The picture has been more positive in India, where a capital investment upswing continues to be well entrenched and commodity demand has been robust. The Indian economy has maintained healthy momentum after the general election, particularly in relation to demand linked to the steel sector.

Over the long term, the outlook for our key commodities remains positive. We continue to expect that population growth, urbanisation, rising living standards, and the infrastructure required for decarbonisation and electrification will drive demand for steel, non-ferrous metals such as copper, and fertilisers.

For the review and outlook relating to our individual commodities please refer to the relevant segment sections from page 7.

Costs and inflation

The negative impact of inflation on our cost base continues to recede, but some elements remain a concern. Non-energy raw material costs have largely normalised and returned to regular cyclical variations. Wage growth in Chile has broadly returned to long-run averages, while Australian wage growth peaked in H1 FY24. Electricity costs in Australia have been volatile in H2 FY24 due to weather-related factors.

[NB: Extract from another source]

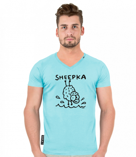 We make sustainable UAX clothing! - hand sewn in the Czech Republic uaxMen uaxAll productsT-shirtsT-SHIRTS SLIM FIT V NECKdesign 1077 - SHEEPKAPASTEL BLUE
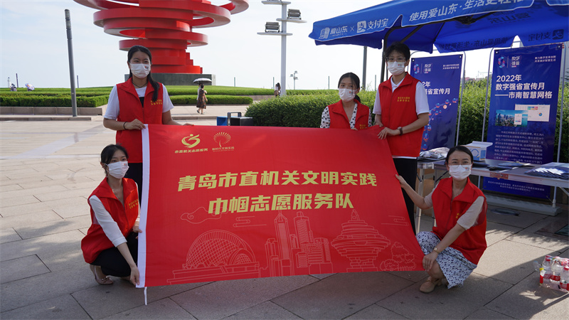 青島市大數(shù)據(jù)局文明實(shí)踐巾幗志愿服務(wù)隊(duì)組織2022數(shù)字強(qiáng)省線下宣傳活動(dòng)

We continue to expect the lagged effect of inflation to flow into FY25. The labour market remains a core inflationary concern, although we believe that we are now past the peak and conditions should continue to ease. However, regulatory changes underway in Australia will add to our labour costs and reduce the international competitiveness of the Australian economy.

Overall, the cost of mining production continues to be higher than it was prior to the pandemic. This implies that price support is also higher and low-cost operators stand to capture potentially higher relative margins in certain commodities.